Мексиканцы не интересуются своим прошлым. Я говорю о буржуазии. Простые Indios, наоборот, постоянно посещают галереи Национального музея, хотя бродят там беспомощно. Трогательно видеть эти бронзовые и оливковые лица, возникающие перед изваянием Бога Цветов, или Бога-Зеркальность (Бог с Лучезарным Лицом). В душе возникает электрическая искра незабвенной исторической действительности. Трогательно говорить с простым Ацтеком о красоте цветов мака, о благородстве Гватемока, который молча снес пытки и не сказал Кортесу, где зарыты национальные сокровища. Трогательно видеть, как ласковы, нежны здесь жены с мужьями и влюбленные с любовницами, идут ли они трезвые, или, чаще, бредут, пошатываясь, в убогих кварталах, около кантин, носящих названия «Ilusion», «Emociones», «Infierno», «Jardin del Diablo», где потомки людей, мысливших красочными иероглифами, пьют убогую, мерзостную пульке (перебродивший сок агав). Indios живописны в своем унижении и в своих лохмотьях. Но видеть здешнюю буржуазию, когда она в театре, в ресторане, в цирке, на улице, — мерзко и тяжко. Это — жалкое подражание Европе, отвратительность третьеразрядных движений, тупость сытых, грубо-чувственных лиц, глупые улыбки, наглый смех.
30 марта. — Завтра мы уедем на два дня в Куэрнаваку смотреть на Ацтекские руины. Последние дни прошли в беготне за разными renseignements, с неукоснительными при этом посещениями Biblioteca Nacional и Museo Nacional. Как всё запутано в вопросах «Американизма». Я с сокрушением вижу, что нужны целые годы, чтобы достичь здесь чего-нибудь. Я познакомился с одним из кураторов Национального музея, Николасом Леоном; мы говорили с ним и о моих изучениях, и о моих предполагаемых путешествиях. Он нюхал табак, и снабжал меня скудными сведениями. Однако, сообщил мне, что, если я поеду в Паленке, мне придется купить палатку, самому заботиться о пище и питье, а также о том, чтобы проводники-индийцы не сбежали. Леон дал мне для прочтения отдельные листы интересной книги Ордоньеса «Теология Змей» (коментарий к «Американской библии», «Popol-Vuh»). Эта книга, верно, никогда не выйдет. 6 апреля. — Я был в Куэрнаваке и оттуда верхом ездил к руинам древней твердыни и храма Ацтеков, Ксочикалько, к вечеру вернулся в Куэрнаваку и таким образом сделал в один день экскурсию в семьдесят верст. Я должен был ехать в Куэрнаваку в воскресенье. Сегодня четверг, но опоздал на поезд на пять минут. Чтобы не возвращаться домой, поехал в какую-то неведомую Пачуку, захолустный город с копями. Смотреть там, как оказалось, нечего, но Судьба благоволила. Я попал на народный праздник, и перед моими глазами прошли сотни и сотни, тысячи смуглых бронзовых Индийцев, в огромных соломенных шляпах и живописных лохмотьях (они все ходят, задрапировавшись полосатыми красными одеялами, как испанскими плащами). Играла военная потешная музыка, гудели колокола, трещали ракеты. Солнце жгло, было весело.
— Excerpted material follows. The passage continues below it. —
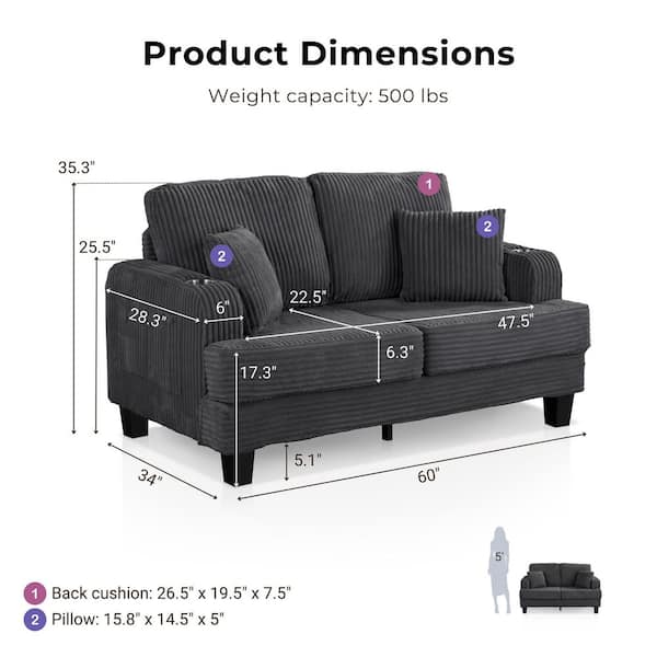 Kasin 60 in. Dark Gray Solid Chenille Rectangle 2-Seater Small Space Loveseat With Cup Holders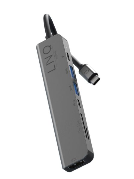 LINQ LQ48004 7-in-1 USB-C Multiport Hub - HDMI, SD, Micro SD, 2x USB-A, USB-C, 100W PD - Grijs - Dockingstations voor laptops

Потом, позавтракав, мы стали взбираться на гору, в предместья города, и тут произошло приятное маленькое приключение. Е. устала, мы присели на камни, около какой-то стены; вслед за нами, вздыхая и стеная, взобралась какая-то индийская старуха, прислонилась к стене, и по-испански начала сетовать вслух, что ей в день много раз приходится мерить эту гору. Спросив, что́ мы тут делаем, и узнав, что мы гуляем, она настойчиво стала приглашать нас зайти en su casa. Мы пошли. На маленьком дворике лежала привязанная огромная свинья (животное истинно мехиканское), фатил индюк, офицерился петух, стоял каменный домик из одной комнаты, в ней две кровати, утварь, цыплята. Ацтекские цветные глиняные кружки, и юная дочь старухи, принявшая нас так первобытно-приветливо, так царственно-просто, как будто это было в сказке. Через две минуты мы болтали друг с другом доверчиво и весело; я узнал всю их биографию, узнал, как они живут, как они добывают скудный свой заработок шитьем и своими животными. Эта невинно-чувственная, несознающая своего юнаго очарования, девушка, Эулалия Альвиса, мне странно напомнила Таню Ш. Как та когда-то мне сказала: «А у меня еще есть обезьяна», — так эта сказала мне: «А у меня еще есть белый кот», — и повела меня в какой-то клетушек, где в корзинке мирно дремал gato blanco (horribile dictu!) кастрированный, дабы (как наивно изъяснила мне старуха), не бегал из дому и был толще. Когда мы ушли от двух этих странных существ, живущих одиноко sin miedo, я чувствовал, что я влюблен. Да, это была какая-то нежная и грустная боль; мне хотелось вернуться к этой девушке, некрасивой, но с блестящими невинными глазами. Мне хотелось ей сделать что-нибудь приятное в её бедной жизни. Сейчас, когда я говорю о ней, я чувствую, что эта девушка дорога мне. Но я не увижу ее больше никогда. Такие бывают тучки на закате. Воздушные, они светятся, и быстро тают, гаснут лучи, воздух холоднее, и Небо грустнее.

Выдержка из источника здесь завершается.